Конечно, хвалили работу художника – самобытные костюмы и декорации. А один из материалов почти полностью был посвящен соперникам Армену и Гико, которых автор назвала высокими красавцами с буйными шевелюрами. Журналистка восхищалась боем, в котором герои сталкиваются в прыжке.
Особенно пылкие овации достались главной героине, артистам, танцевавшим лезгинку и легендарный «Танец с саблями», а еще рукоплесканий удостоились сложные вращения в исполнении Нунэ. При мысли об этом лицо Анастасии всякий раз расплывалось в довольной улыбке. Все еще находящаяся под впечатлением от столь невероятного события, она не сразу поняла, что случилось – мимо пронеслась Татьяна и исчезла за стеклянными распашными дверями театра. Нарядные одежды солистки красиво развевались, словно паруса.
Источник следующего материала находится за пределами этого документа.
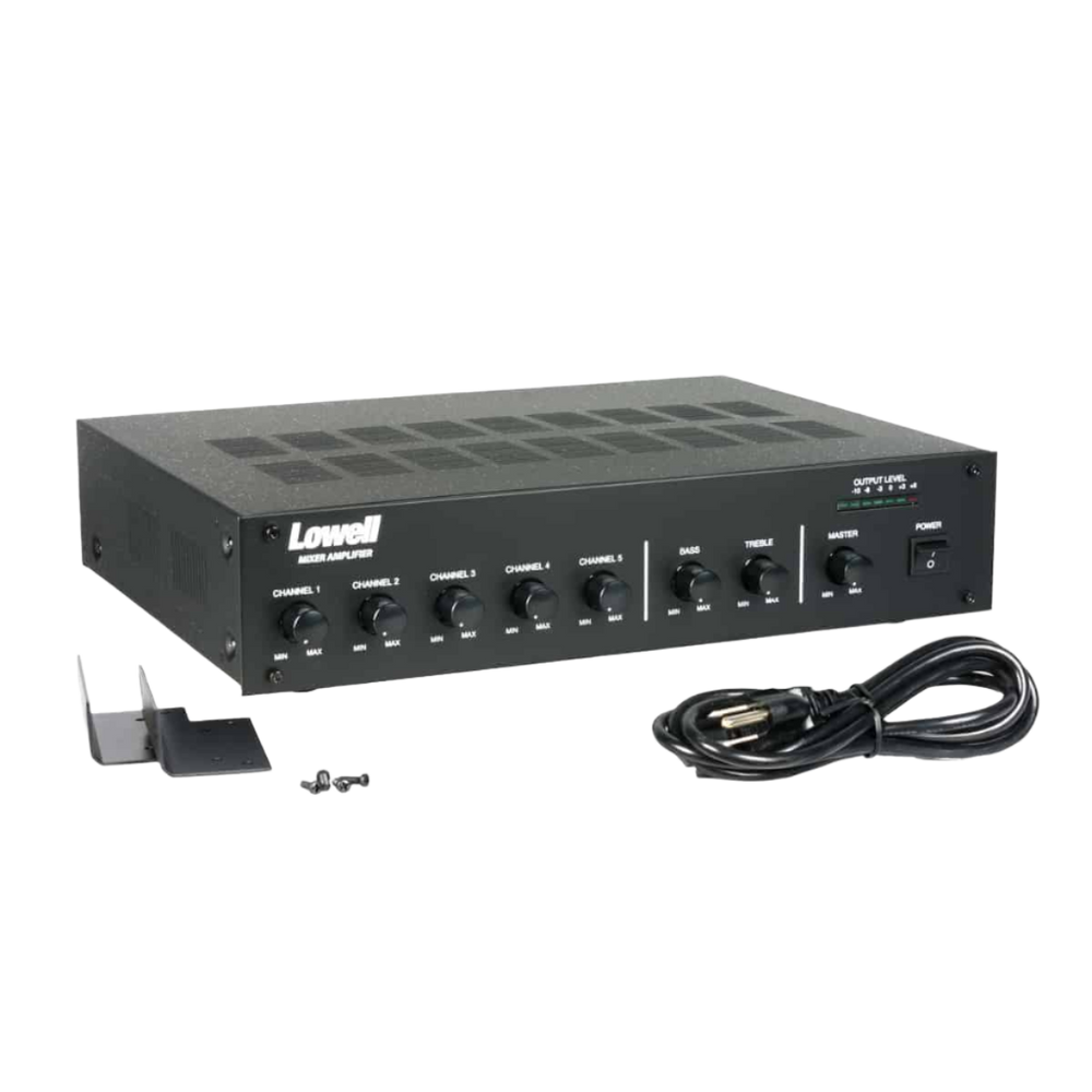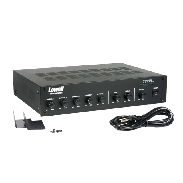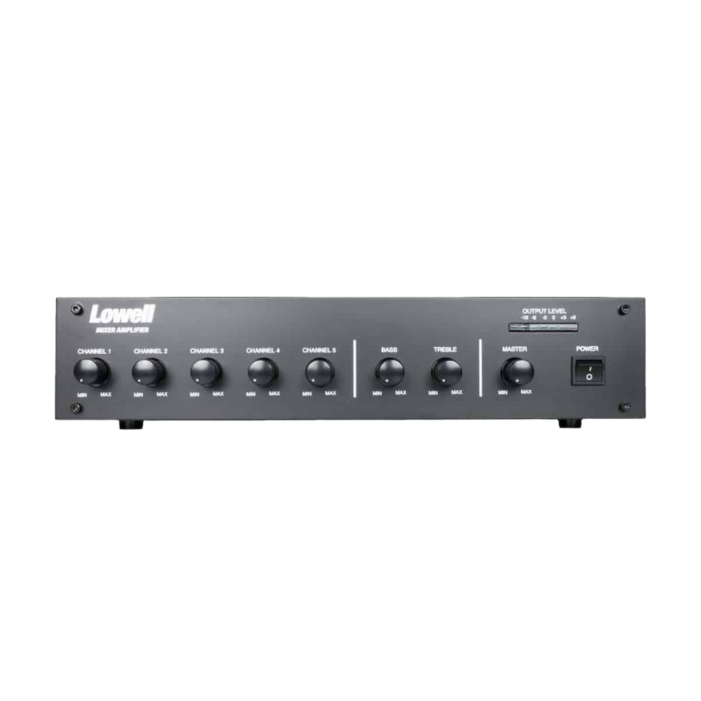 Mixer with 60W amplifier is powered via switchable 115 or 230 VAC @50/60Hz or 24VDC. It features five channel volume controls, treble and bass controls, master volume control, main power switch, and LED display bank for output level.
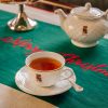 Set di due tazze da tè in porcellana con piattini abbinati, con trama Osier, eleganti bordi dorati e stemma di Villa d’Este in quadricromia.
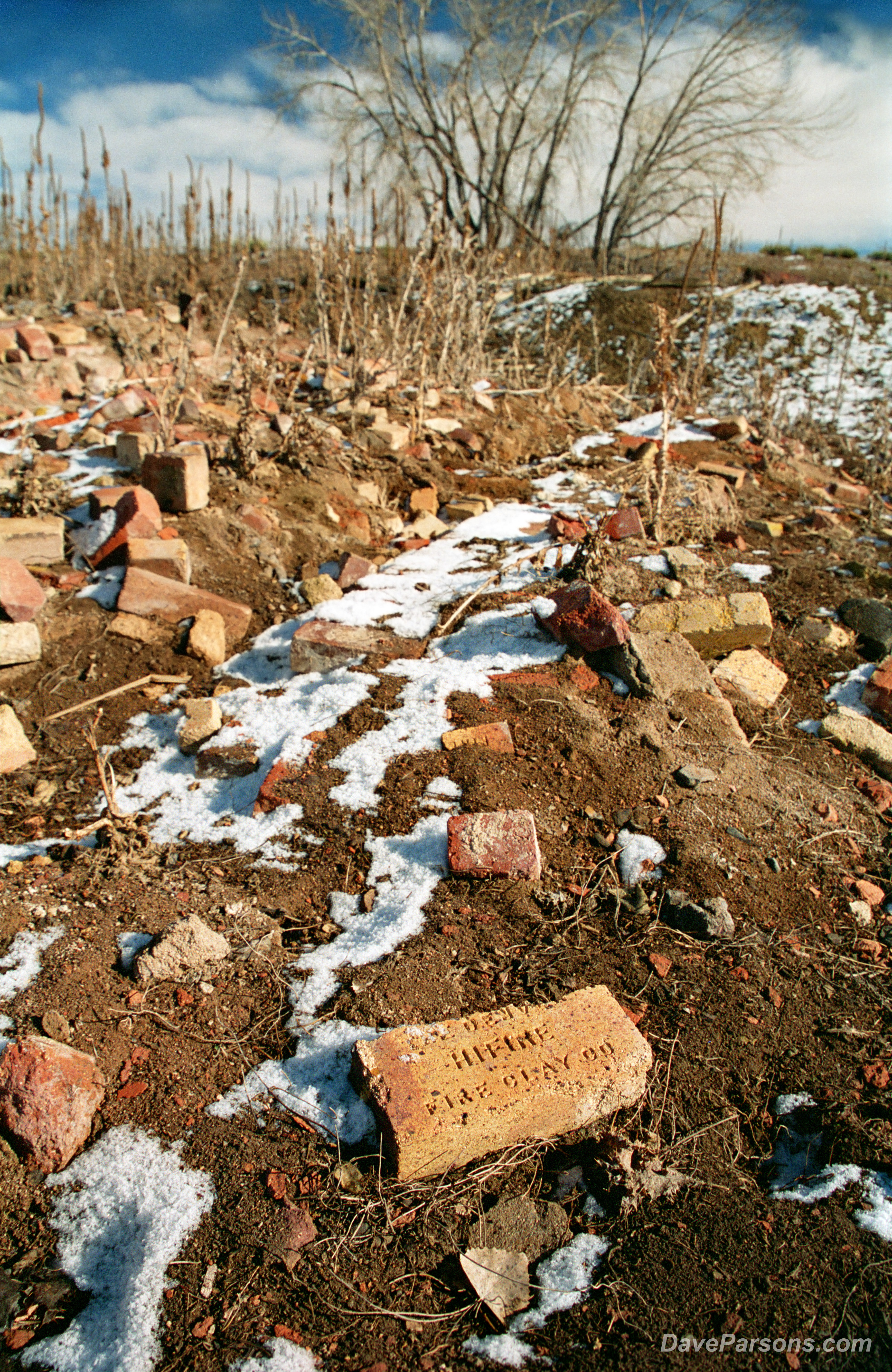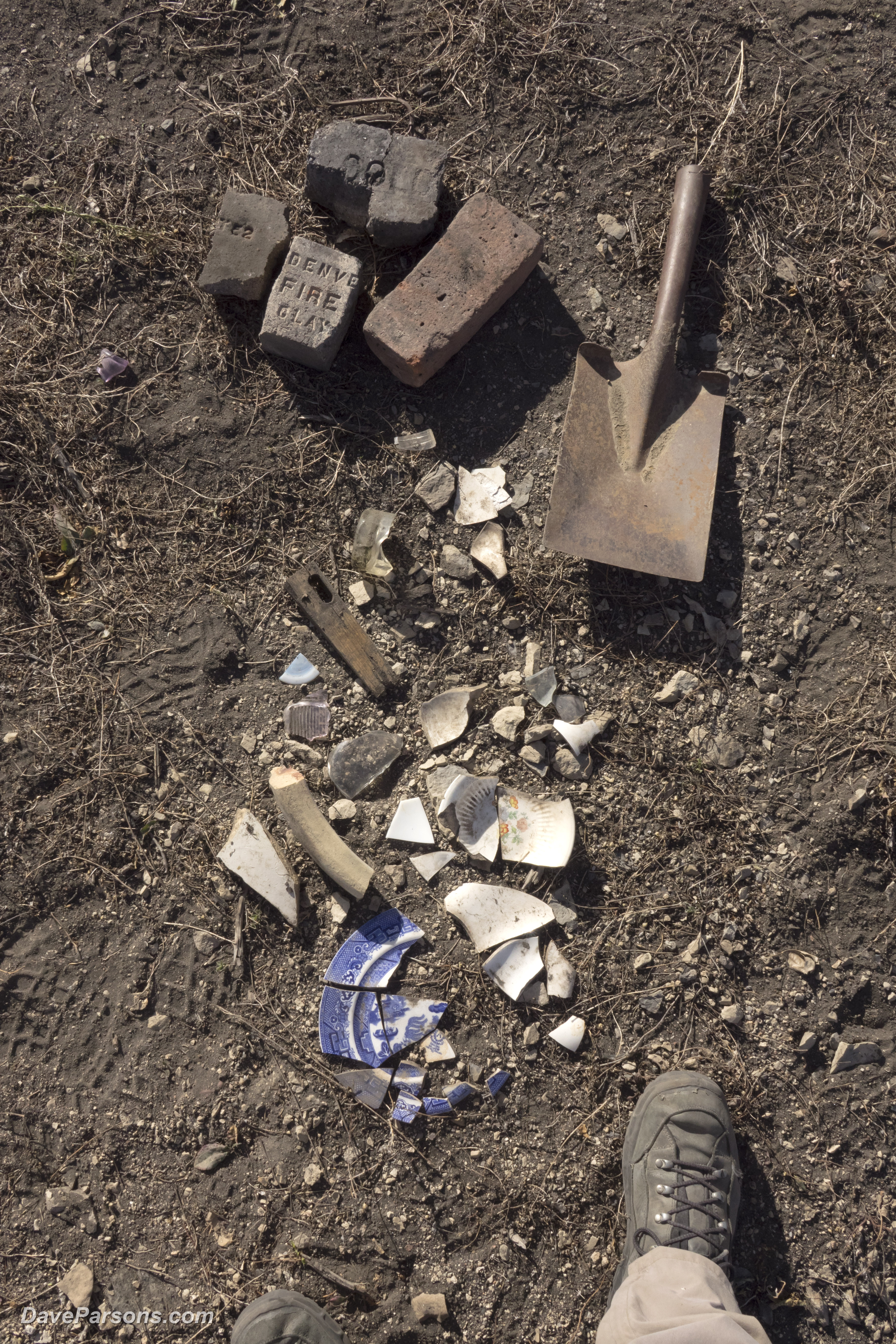 During a visit in November, 2025, kids and prairie dogs had dug up 1920s - 1940s artifacts throughout the area, making trails, dirt bike jumps and burrows. The heavy steel girder was likely part of the superstructure of the mine. Glass plates, china and huge crock shards littered the area. Pieces of the blue plate were from Allertons Ltd. of England. The "Blue Willow" pattern, a ceramic transferware dates from 1929 to 1942. The straight edge, rectangular, but small shovel could have been used to clean the clinkers or slag out from under the boiler. Various bricks also dotted the area including red construction bricks, Golden and Denver Fire Clay Company bricks. David Parsons photos |
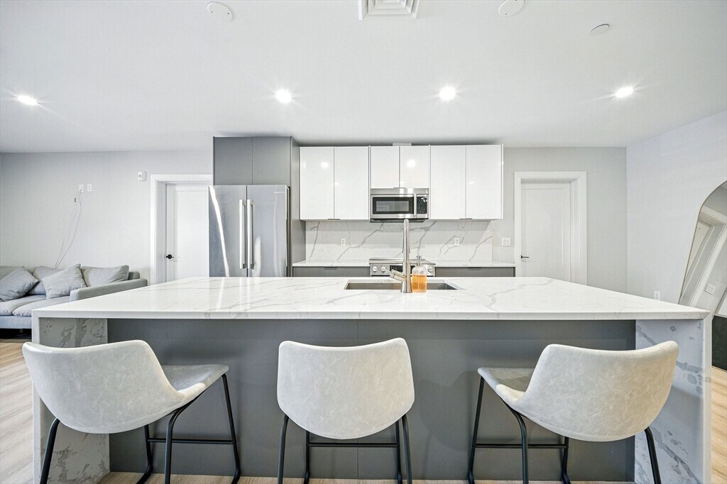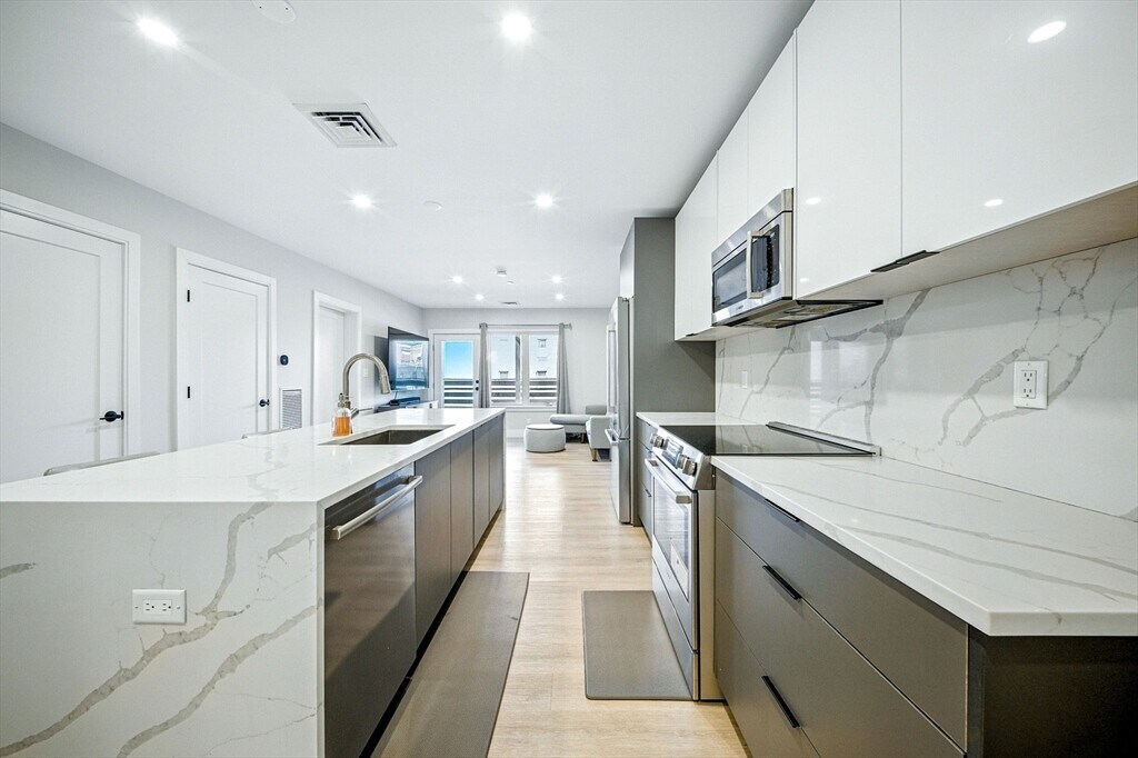 AVAIL NOW! Welcome to this 2021 built Reginald Condominiums at Chelsea Square! This luxury 2 beds/2 baths corner unit has a spacious open style layout and stylish finishes with a huge private balcony and TWO parking spots included. The modern kitchen has a sleek design and soft-close high gloss cabinetry,Calcutta Laza Quartz countertops,full slab backsplash,and Bosch appliances. Both bedrooms have walk-in closets and en-suite bathrooms! The bathrooms feature a floating vanity with off-white Riso color,Calcutta Laza Quartz countertop and backsplash and beautifully appointed showers. Minutes to downtown Boston,waterfront amenities,green space,diverse dining,coffee shops,theater,Assembly Row,Encore,Winthrop Golf Course,and much more. Easy access to Rt 1,Bus Stops and the new Silver Line. Super short commute to Boston and the airport. Water and Sewage included. MLS# 73427725

Следом, расталкивая людей, мчался Павел. Но догнать девушку ему не дали. Тайгряна окликнул Королевич. Тот отмахнулся, и собирался продолжать погоню, однако с другой стороны уже подъезжала телекамера.
– Вот еще одна молодая надежда нашего балета, – представил юношу режиссер.
Тайгряну пришлось отвечать на вопросы репортера. При этом говорил Павел рассеянно, то и дело бросая взгляды на двери, за которыми скрылась Гальская.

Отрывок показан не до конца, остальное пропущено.